Geologist from Gujarat who discovered the Indus valley site of Dholavira

Shambhudan Gadhvi is a former master clerk and amateur geologist from Gujarat who discovered the Indus valley site of Dholavira in the early 1960s.

== Discovery of Dholavira ==
During the Kutch famine in 1960s, Shambhudan Gadhvi was supervising on a drought relief work at Kotda (1 km from the Dholavira site) when he found Harappan seals with the shape of animals.

While supervising the digging of a small dam to collect the monsoon waters, he discovered numerous artifacts; prominent among them were fragments of Indus seals. He recognized that the seals belonged to the Harappan civilization by comparing it to the pictures that he found in his son's history textbook issued by the Gujarat government. He subsequently searched for more seals and collected numerous artifacts — decorative ceramics, fragments of carnelian beads, and metal objects.

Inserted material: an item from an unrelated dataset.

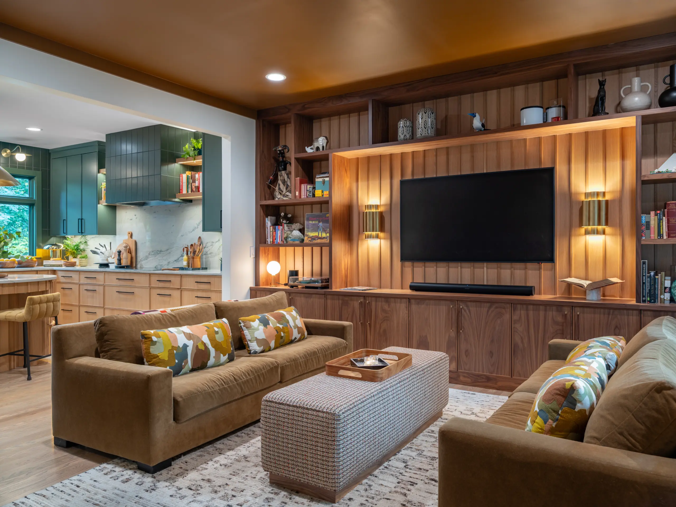 This Overland Park kitchen and living space remodel was designed to feel intentional, warm, and deeply functional for everyday living and entertaining. The renovation transforms multiple connected areas of the home into one cohesive environment built around custom cabinetry, layered materials, and modern organic design.

Shambhudan preserved the ancient relics in his house and also sent many relics to Kutch University. He collected some beads, pottery shards, and artefacts from the Dholavira site and went to the curator of Kutch Museum in Bhuj and reported the site to the Archaeological Survey of India (Archaeology Department).

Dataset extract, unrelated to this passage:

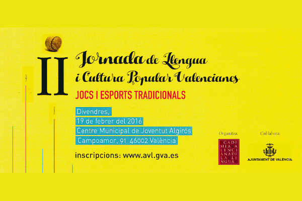 La II Jornada de Llengua i Cultura Popular Valencianes, que tindrà lloc el pròxim divendres, dia 19 de febrer, al Centre Municipal de Joventut Algirós de València, ha despertat un considerable interés entre els estudiosos, especialistes i aficionats als jocs i esports tradicionals de les nostres terres, temàtica sobre la qual girarà el contingut de la trobada, segons Josep Lluís Doménech, coordinador de la jornada i membre de l’Acadèmia Valenciana de la Llengua.

Gadhvi also published the news of the discovery in Kutchmitra at Bhuj to garner official support from the government.

== Excavation ==
Due to the continued efforts of Shambhudan Gadhvi, excavation work finally began in 1990 and lasted until 2005. The government of India started research in Kotda. Under the observation of Ravindra Singh Bist, in around three years, they found a town. It revealed a city that had a citadel, an intermediate city, a lower town, fresh water reservoirs, underground sewage pipes, bead-making workshops, copper smelters, etc.

R. S. Bisht was the first ASI official to visit the site in the mid-1980s. By that time, Gadhvi had the backyard of his house laden with artifacts, ceramics, and structural members from the site. Gadhvi has been an important collaborator with RS Bisht in the late 1980s, when extensive exploration work was underway in the area to map the settlement of Khadir Island, where Dholavira is located. Shambhudan also contacted people in other villages to help ASI discover more sites. Once the excavation work began in 1990, Gadhvi assisted the ASI to set up the camp and recruit laborers from the village of Dholavira for the first season of excavation.

== Recognition ==
Despite Shambhudan's efforts at bringing light to the discovery of Dholavira, his work remained unacknowledged by the state government and the ASI. The credit of the discovery of Dholavira was instead given to J. P. Joshi.